──────── Data provided ────────
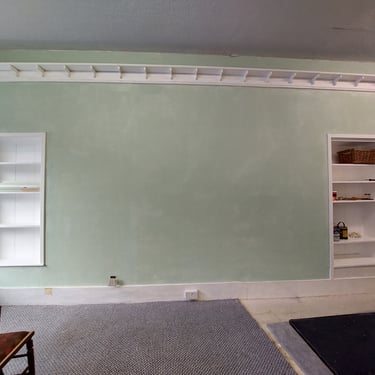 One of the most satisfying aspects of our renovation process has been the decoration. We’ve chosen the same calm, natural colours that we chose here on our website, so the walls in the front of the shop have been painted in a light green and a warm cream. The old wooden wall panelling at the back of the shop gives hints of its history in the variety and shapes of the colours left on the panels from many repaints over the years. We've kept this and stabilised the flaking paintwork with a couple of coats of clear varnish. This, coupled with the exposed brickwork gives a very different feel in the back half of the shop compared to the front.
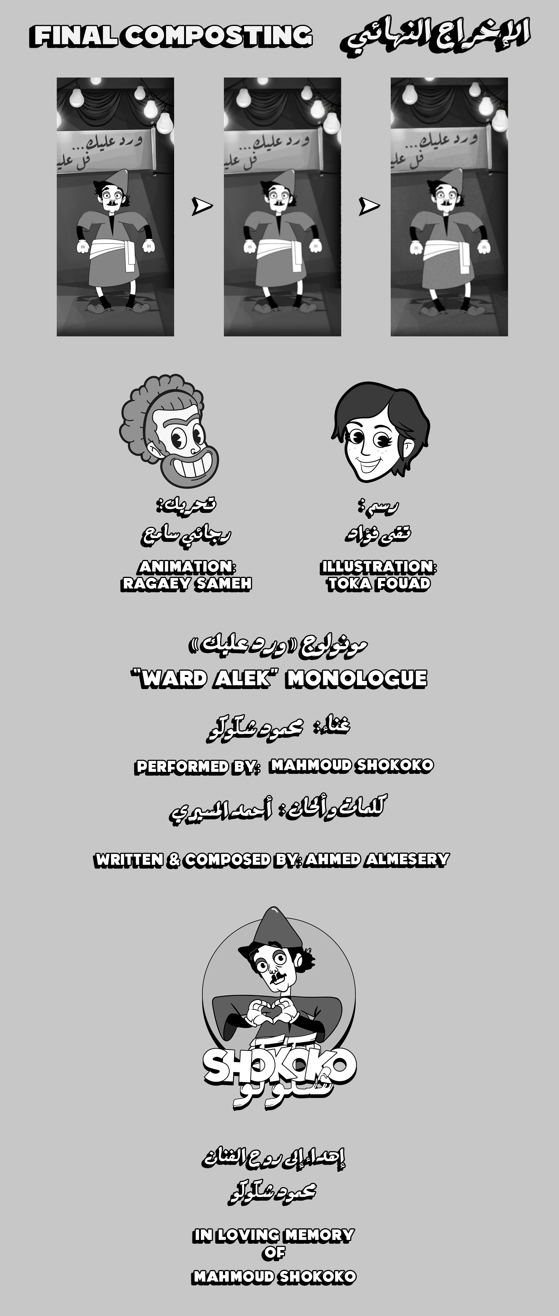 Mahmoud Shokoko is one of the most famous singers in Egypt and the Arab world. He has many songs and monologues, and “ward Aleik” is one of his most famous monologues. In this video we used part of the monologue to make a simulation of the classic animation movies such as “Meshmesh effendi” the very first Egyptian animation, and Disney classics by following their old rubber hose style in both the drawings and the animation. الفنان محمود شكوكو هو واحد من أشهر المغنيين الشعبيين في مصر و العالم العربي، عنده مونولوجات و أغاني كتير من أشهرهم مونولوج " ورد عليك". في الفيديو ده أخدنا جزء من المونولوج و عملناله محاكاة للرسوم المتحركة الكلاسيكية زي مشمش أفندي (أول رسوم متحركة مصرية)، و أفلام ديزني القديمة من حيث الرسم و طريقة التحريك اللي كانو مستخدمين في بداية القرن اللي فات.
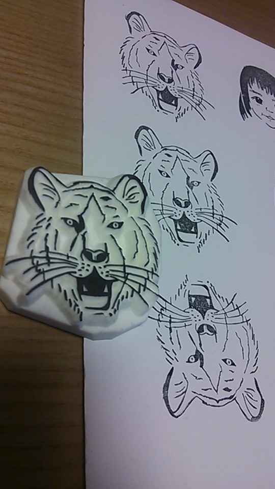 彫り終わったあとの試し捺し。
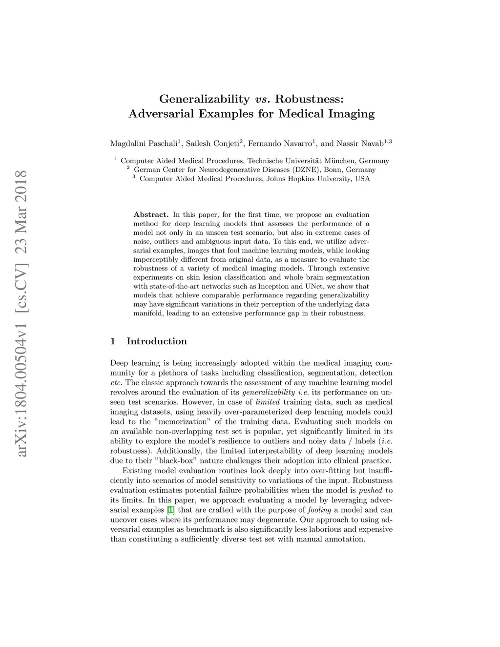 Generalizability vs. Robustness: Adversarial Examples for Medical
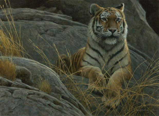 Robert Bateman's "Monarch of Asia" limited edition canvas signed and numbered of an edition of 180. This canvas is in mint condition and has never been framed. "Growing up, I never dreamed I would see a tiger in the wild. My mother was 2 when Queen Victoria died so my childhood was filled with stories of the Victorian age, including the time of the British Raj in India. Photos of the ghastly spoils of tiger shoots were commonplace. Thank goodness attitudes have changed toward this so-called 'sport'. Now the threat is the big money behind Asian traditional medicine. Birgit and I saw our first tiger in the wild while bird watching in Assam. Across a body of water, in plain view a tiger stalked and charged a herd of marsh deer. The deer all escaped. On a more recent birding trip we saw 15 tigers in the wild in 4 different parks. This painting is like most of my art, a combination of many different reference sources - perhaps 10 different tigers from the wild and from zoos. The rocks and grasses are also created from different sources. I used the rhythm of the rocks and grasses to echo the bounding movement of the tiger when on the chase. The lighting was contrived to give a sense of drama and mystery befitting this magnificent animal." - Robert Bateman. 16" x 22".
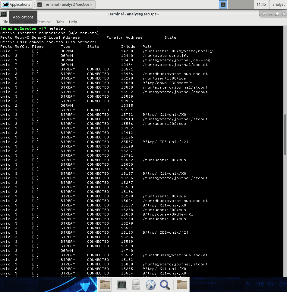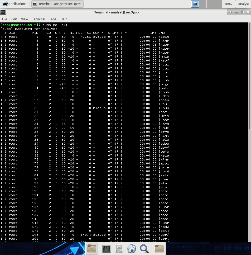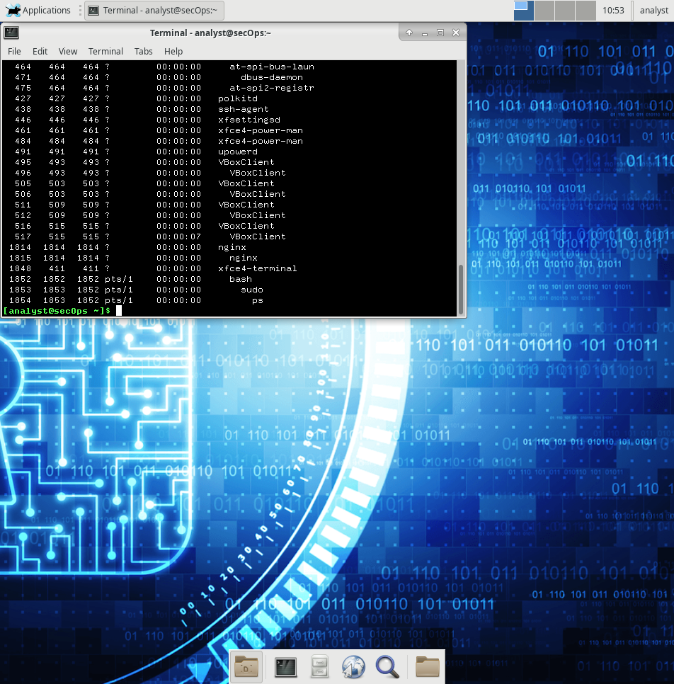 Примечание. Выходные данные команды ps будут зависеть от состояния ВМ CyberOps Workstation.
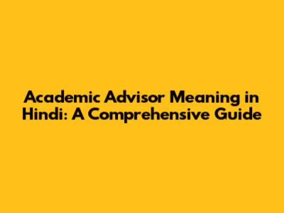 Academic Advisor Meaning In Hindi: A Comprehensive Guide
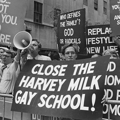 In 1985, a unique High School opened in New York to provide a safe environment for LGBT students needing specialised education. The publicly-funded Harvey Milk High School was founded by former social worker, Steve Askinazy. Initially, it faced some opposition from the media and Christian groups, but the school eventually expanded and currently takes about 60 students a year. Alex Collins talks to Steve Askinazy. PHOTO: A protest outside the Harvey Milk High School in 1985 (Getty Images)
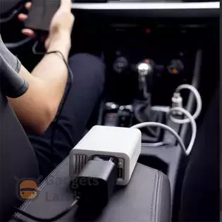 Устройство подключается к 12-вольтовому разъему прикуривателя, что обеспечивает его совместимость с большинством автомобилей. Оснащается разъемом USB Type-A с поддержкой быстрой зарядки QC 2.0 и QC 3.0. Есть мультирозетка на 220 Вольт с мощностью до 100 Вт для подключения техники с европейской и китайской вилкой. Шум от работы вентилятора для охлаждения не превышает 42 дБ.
────────
Could you reproduce the records above exactly, leaving out every picture?

**Exercise output:**
 One of the most satisfying aspects of our renovation process has been the decoration. We’ve chosen the same calm, natural colours that we chose here on our website, so the walls in the front of the shop have been painted in a light green and a warm cream. The old wooden wall panelling at the back of the shop gives hints of its history in the variety and shapes of the colours left on the panels from many repaints over the years. We've kept this and stabilised the flaking paintwork with a couple of coats of clear varnish. This, coupled with the exposed brickwork gives a very different feel in the back half of the shop compared to the front.
 Mahmoud Shokoko is one of the most famous singers in Egypt and the Arab world. He has many songs and monologues, and “ward Aleik” is one of his most famous monologues. In this video we used part of the monologue to make a simulation of the classic animation movies such as “Meshmesh effendi” the very first Egyptian animation, and Disney classics by following their old rubber hose style in both the drawings and the animation. الفنان محمود شكوكو هو واحد من أشهر المغنيين الشعبيين في مصر و العالم العربي، عنده مونولوجات و أغاني كتير من أشهرهم مونولوج " ورد عليك". في الفيديو ده أخدنا جزء من المونولوج و عملناله محاكاة للرسوم المتحركة الكلاسيكية زي مشمش أفندي (أول رسوم متحركة مصرية)، و أفلام ديزني القديمة من حيث الرسم و طريقة التحريك اللي كانو مستخدمين في بداية القرن اللي فات.
 彫り終わったあとの試し捺し。
 Generalizability vs. Robustness: Adversarial Examples for Medical
 Robert Bateman's "Monarch of Asia" limited edition canvas signed and numbered of an edition of 180. This canvas is in mint condition and has never been framed. "Growing up, I never dreamed I would see a tiger in the wild. My mother was 2 when Queen Victoria died so my childhood was filled with stories of the Victorian age, including the time of the British Raj in India. Photos of the ghastly spoils of tiger shoots were commonplace. Thank goodness attitudes have changed toward this so-called 'sport'. Now the threat is the big money behind Asian traditional medicine. Birgit and I saw our first tiger in the wild while bird watching in Assam. Across a body of water, in plain view a tiger stalked and charged a herd of marsh deer. The deer all escaped. On a more recent birding trip we saw 15 tigers in the wild in 4 different parks. This painting is like most of my art, a combination of many different reference sources - perhaps 10 different tigers from the wild and from zoos. The rocks and grasses are also created from different sources. I used the rhythm of the rocks and grasses to echo the bounding movement of the tiger when on the chase. The lighting was contrived to give a sense of drama and mystery befitting this magnificent animal." - Robert Bateman. 16" x 22".
 Примечание. Выходные данные команды ps будут зависеть от состояния ВМ CyberOps Workstation.
 Academic Advisor Meaning In Hindi: A Comprehensive Guide
 In 1985, a unique High School opened in New York to provide a safe environment for LGBT students needing specialised education. The publicly-funded Harvey Milk High School was founded by former social worker, Steve Askinazy. Initially, it faced some opposition from the media and Christian groups, but the school eventually expanded and currently takes about 60 students a year. Alex Collins talks to Steve Askinazy. PHOTO: A protest outside the Harvey Milk High School in 1985 (Getty Images)
 Устройство подключается к 12-вольтовому разъему прикуривателя, что обеспечивает его совместимость с большинством автомобилей. Оснащается разъемом USB Type-A с поддержкой быстрой зарядки QC 2.0 и QC 3.0. Есть мультирозетка на 220 Вольт с мощностью до 100 Вт для подключения техники с европейской и китайской вилкой. Шум от работы вентилятора для охлаждения не превышает 42 дБ.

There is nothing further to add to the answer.